All Saints: Royal Concert Hall, Nottingham

Girl Power cut

I HAD EXPECTED sneering teenagers, chewing gum and surreptitiously eyeing up each other’s khaki chic. Instead, I find myself in the foyer, knee-deep in six-year-old girls wearing butterfly dips and Mothercare combat pants, whining at their mothers for posters and T-shirts. Here and there, small groups of adolescents are trying their best to look cool, but there is panic in their eyes.

As showtime nears, you can hear the same question being asked: “Are you sure you don’t want to go the loo?” The atmosphere is more panto than pop gig. The seats next to mine are colonised by three little blonde sisters, who bounce around excitedly, burping, squealing and cheering the closed curtains. “What’s your favourite song?” I ask, but they just blush and chew their sleeves. To my horror, their mother glares over at me like I’m some kind of paedophile. Then the lights go down, and the little girls scream.

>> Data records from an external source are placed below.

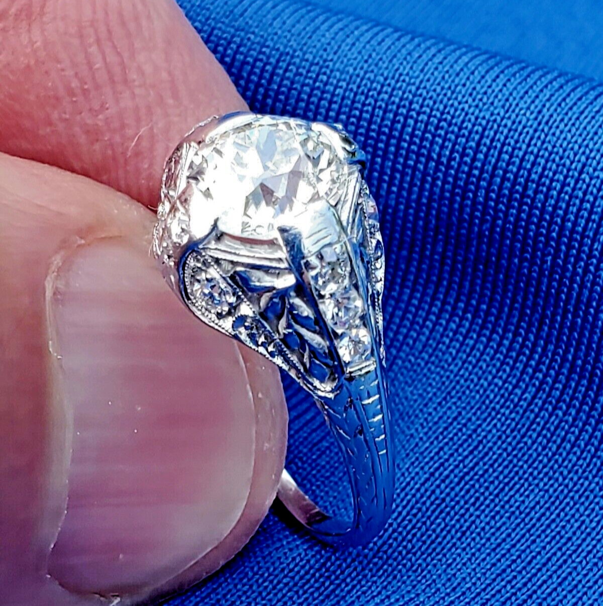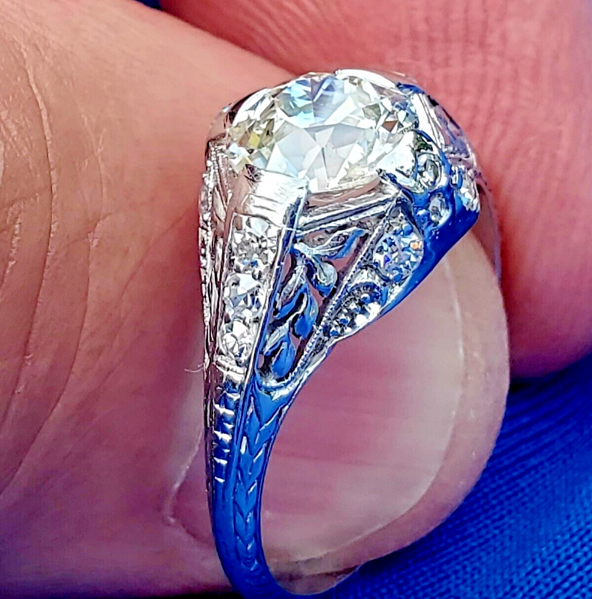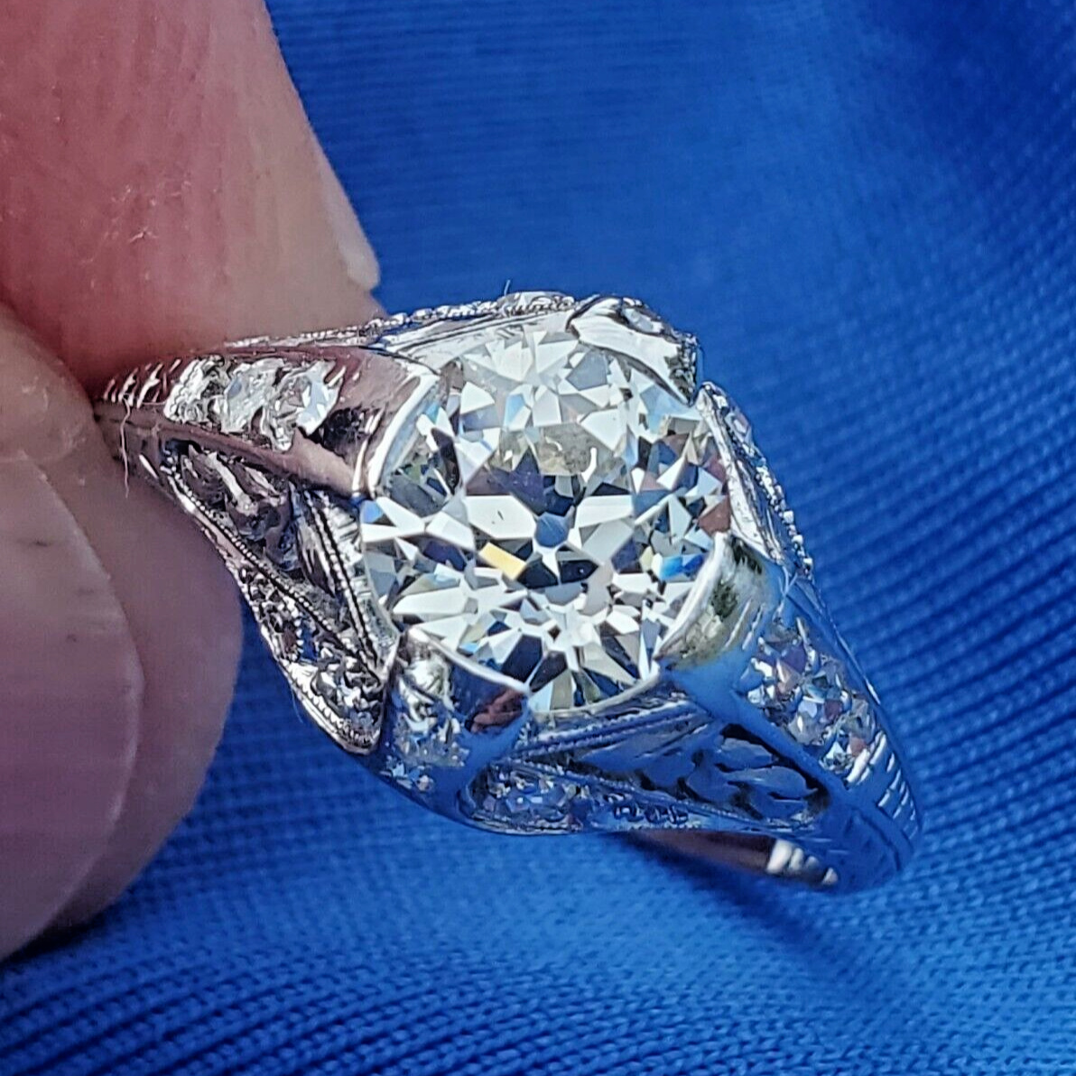 Earth mined Diamond 1.55 carat Deco Engagement Ring Antique Platinum Solitaire
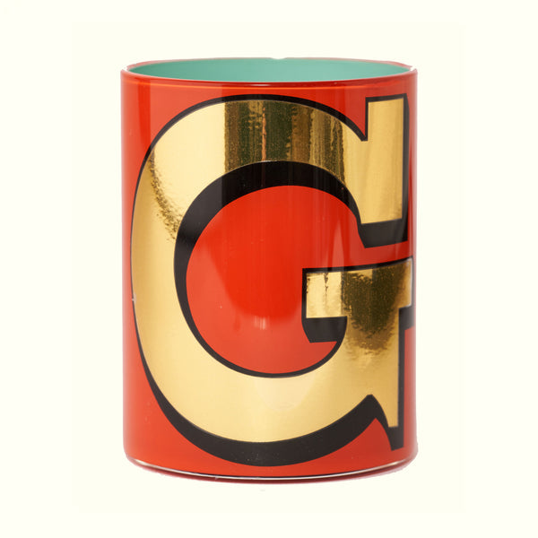 Smooth glass tumblers inlaid with a gold vinyl letter or symbol, backed with a different coloured lacquer and a topcoat of glossy varnish.
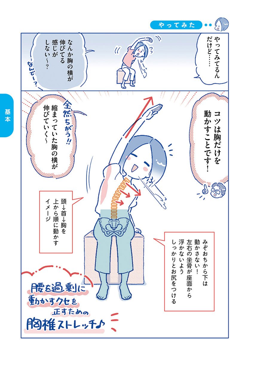 腰痛改善のカギは、胸と股関節をほぐすこと。
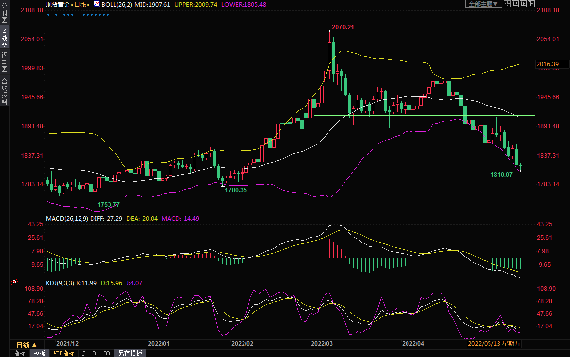 周五(5月13日)亚市盘初,美元指数守在隔夜创下的近20年新高附近,令金价继续承压,现货黄金一度创逾三个月新低至1810.07美元/盎司。美国参议院周四批准了鲍威尔执掌美联储的第二个四年任期,为他带领美联储对抗40年来最高通胀铺平了道路。投资者押注美联储将坚持激进加息,进而蜂拥买入美元,帮助美元刷新近20年高点至104.93,隔夜金价也直接失守200日1836附近关键支撑。国际油价周四小幅走高,因国际能源署(IEA)强调了全球燃料库存的紧张局面。
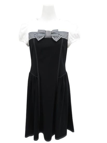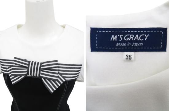 新品同様 M’S GRACY ボーダーリボンワンピース ブラック×ホワイト 36 '21年
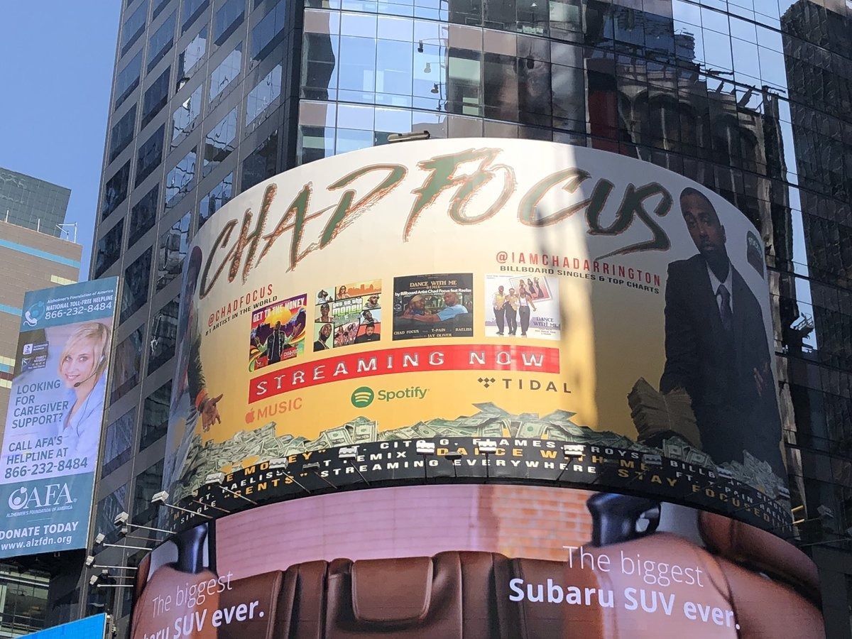 Arrington funded the massive Times Square billboard through the company he formed as part of his musician moonlighting enterprise: Focus Music Entertainment, LLC. Through his efforts, he managed to accumulate more than four million views on his YouTube channel and nearly 200,000 (purchased) Twitter followers. With his newfound audience, “Chad Focus” espoused his path to self-made success, even if it was bought and paid for by his unwitting employer.
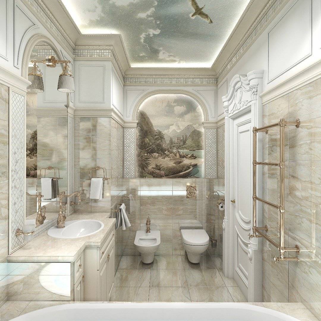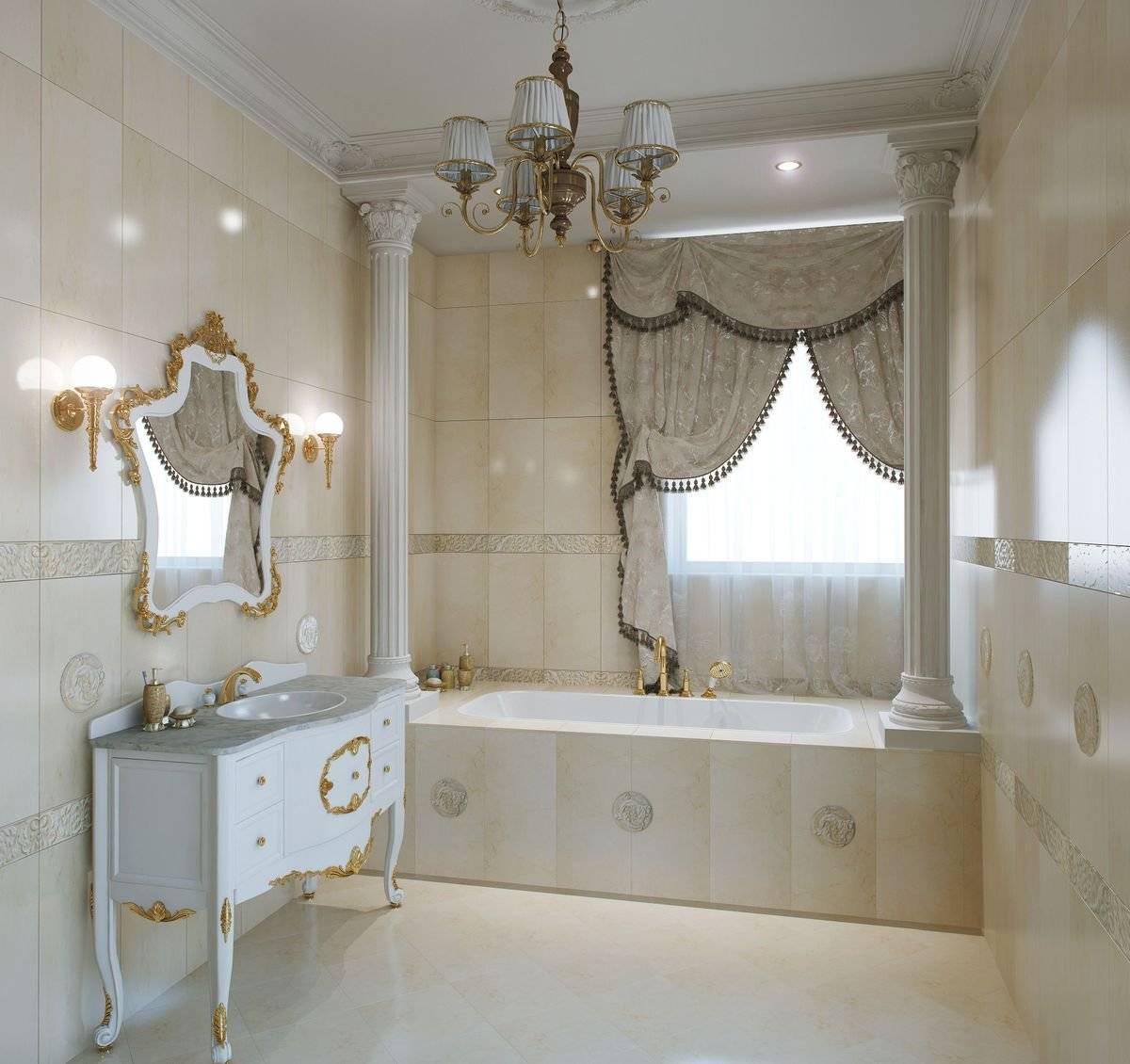 Зеркало в металлическом витиеватом багете, бра, маленькие золотые крючки, ванная на гнутых «бронзовых» ножках – несомненно, обозначат основные маркеры барокко и лёгкий Фьюжн.

I wasn’t alone an expecting an older, more discerning crowd for All Saints. When I spoke to a friendly but harassed-sounding Natalie Appleton on the phone earlier in the day, she expressed mild concern at the extreme youth of some of the audiences they’d already encountered on this small theatre tour (a warm up for the arena shows in the summer). “Hull was good, more older people, but there have been a lot of kids, which is worrying because our shows can be a bit… y’know, raunchy,” sighed Appleton, the mother of a seven-year-old girl herself. I got the impression that she, and the other Saints, are somewhat miffed at their sudden expulsion from the hip zone of popular culture.

It had all started so well in 1997, with the irresistibly smooth off-black funk of ‘Never Ever’ garnering commercial success, Brit awards and critical acclaim. For a while, the mouthy girl band in the low-slung combat pants could do no wrong. They were seen by many as a refreshing, streetwise, organic alternative to the omnipresent, ruthlessly commercial Spice Girls. Personally, I still preferred the mocked, untrendy Spices. They were just so silly and sweet and real All Saints, for all their laddishness, seemed a bit sterile, smug, pickled in their own cool.

At first, anyway. In recent times, the stitches in this particular pop tapestry have been coming apart. There were the Appleton sisters’ brawling relationships with their celebrity boyfriends (Natalie bashing ex-squeeze, TV hunk Jamie Theakston; Nicole’s eternally on-off relationship with the rogueish Robbie Williams). There have also been rumours that new mother Melanie Blatt was disenchanted with the music business and that Shaznay T. Lewis, All Saints’ black main songwriter, was irritated by the attention the other Saints were getting, and thinking of going solo. Or, to employ girl-band vernacular, “doing a Geri”.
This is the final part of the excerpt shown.